カーテンを閉め切った薄暗い室内の片隅にチラリチラリと光が踊るように瞬く。
「なんなら幸せな二神の後日談もいります?実際は知りませんけど。」
ぶわりと光が膨らんで弾けて、また小さくなる。どうやっても視界の端にしか映らないよう計算されたそれは、正直うっとうしい。
促されて、参拝した神社の神主の慇懃さは滑稽で、真白様が最高神だと鼻持ちならなかった。でもなー。あれはあれで、敬虔な信徒だからなぁ。
『代々語り継ぎ、勉強してきた私がそんな松だか蛇のことは知らない。そんな勝手な話はどこの神社かね。抗議しなくてはならないね。』不遜に嘲笑った脂ぎった神職者はひどい下衆だった。
村の起源。神社の起源。
大雨と神託。
お侍さんの行き着く先の住処。
ぱっとみ纏められてる成り立ち。だけど足りないピース。
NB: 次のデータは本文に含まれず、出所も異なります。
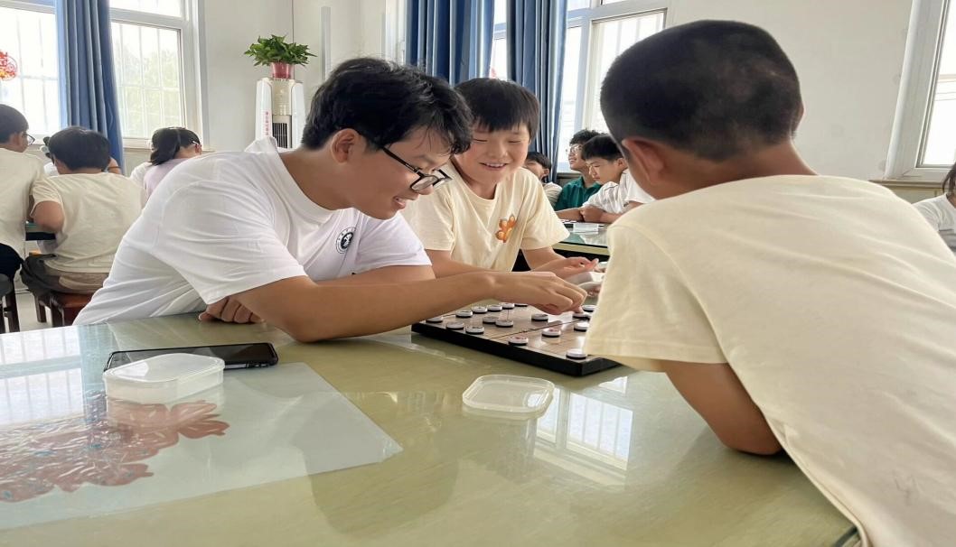 随后正式上课。首先进行的是棋类运动体验课——走进“棋”妙世界。在支教老师的带领下,孩子们围坐一堂,接触并学习了中国象棋、五子棋等棋类运动的基本规则与策略。支教老师通过生动的讲解和实战演示,让孩子们在轻松愉快的氛围中感受到了棋类运动的魅力,不仅锻炼了他们的逻辑思维和判断能力,也激发了他们对传统文化的兴趣与热爱。在讲解完成后,课堂进入了实践部分,孩子们积极与周围的朋友或者支教老师对弈,既锻炼了逻辑思维能力,又进一步加强了孩子们之间的情谊。紧接着,手工折纸课更是将活动推向了高潮。支教团的老师们用普通的彩纸创造出形态各异的作品,在他们的耐心指导下,孩子们在动手实践中不仅锻炼了手眼协调能力,更激发了无限的创造力和想象力,脸上都洋溢着满满的成就感与喜悦。课后大家一起将折的纸飞机放飞,漫天纸飞机飞舞,如同孩子们的未来一样迎风飞翔。

わからない謎かけ。いらないパーツ。組み直し、足していけば簡単なことで、それは何一つ不名誉じゃない。
「でもきっと、いろいろあって」
うちのかみさまがいちばんえらい、になっちゃったんだろうなぁ。それはそれでいいんだけどね。
「だけど。他を見下すのは、あの神主の悪意だね。気分悪くなっちゃった。」
白蛇様が居た田松神社はもうない。白山様を祀る山に他の神様たちとお社を間借りして、永らえていらっしゃる。ほんの五行に纏められた神様の成り立ちを添えてあるだけだ。その一行が白蛇様の話で、だから別に、真白神社の神主が知らなくても、、嫌ダメだな。知るべきじゃない?白龍様が溺愛の白蛇様を攻撃する気よね、あの神主。
ぶわりとまた光が膨らんで弾ける。
「うっとうしいなぁ。はいこれ奉納ね、奉納。持っていっていいですよー。」
よいせ、と立ち上がり伸びをする。ルーズリーフをテーブルにあげたまま台所を後に勝手口を開けた。
「あー!」
「あっ!こんにちは!」
「こんにちはー!」
「、、こんにちは。お帰りなさい。」
学習しろ、あたし。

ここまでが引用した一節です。